## R

### Counting how many participants have data for one variable, separate by timepoint

The aptly named `count()` function in the `dplyr` package of the tidyverse can help you quickly tabulate how many 
participants have data for a particular variable.

`count()` returns a summarized dataframe where the `n` column counts the number of rows with each value of `variable`. 
We can use this logic to count the number of non-missing vs. missing observations by first creating a column equal to 
`is.na(variable)`, and then counting its levels. This will count up all the rows that don't have NA (and thus have data) 
and all the rows that are missing data.

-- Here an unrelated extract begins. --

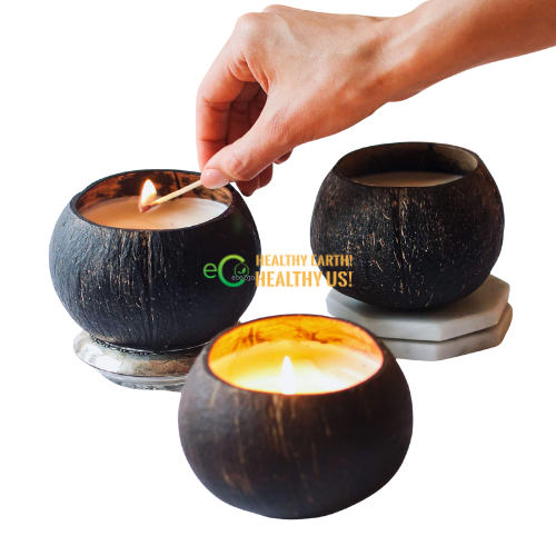 Vela de Cera de Soja en Cáscara de Coco Hecha a Mano para Decoración del Hogar, Exportación al por Mayor desde Vietnam para las Festividades Navideñas

Rows that don't have data will be `TRUE` (missing), while rows that have data 
will be `FALSE` (_not_ missing).

Counting simultaneously by `timepoint` and by `is.na(variable)` will return a long-form contingency table with rows counting the number of non-missing and missing rows separately for each timepoint.

This logic _assumes the data have one row per participant_ for a given timepoint.

WARNING: The code below hasn't been tested!

In [None]:
library(dplyr)
library(readr)

data_path <- here::here("ignore", "abcd_v4", "abcd_mri01.txt")
data_colnames <- names(read_tsv(data_path, n_max = 0))
data_descrips <- read_tsv(data_path, n_max = 1)
data <- read_tsv(data_path, col_names = data_colnames, skip = 2) %>%
    select(src_subject_id, eventname) %>%
    # Hide the actual subject IDs for the purpose of this tutorial output
    mutate(src_subject_id = forcats::fct_anon(factor(src_subject_id)))

data %>%
    count(src_subject_id) %>%
    head()
# data %>%
#    mutate(variable_is_missing = is.na(variable)) %>%
#    count(timepoint, variable_is_missing)

: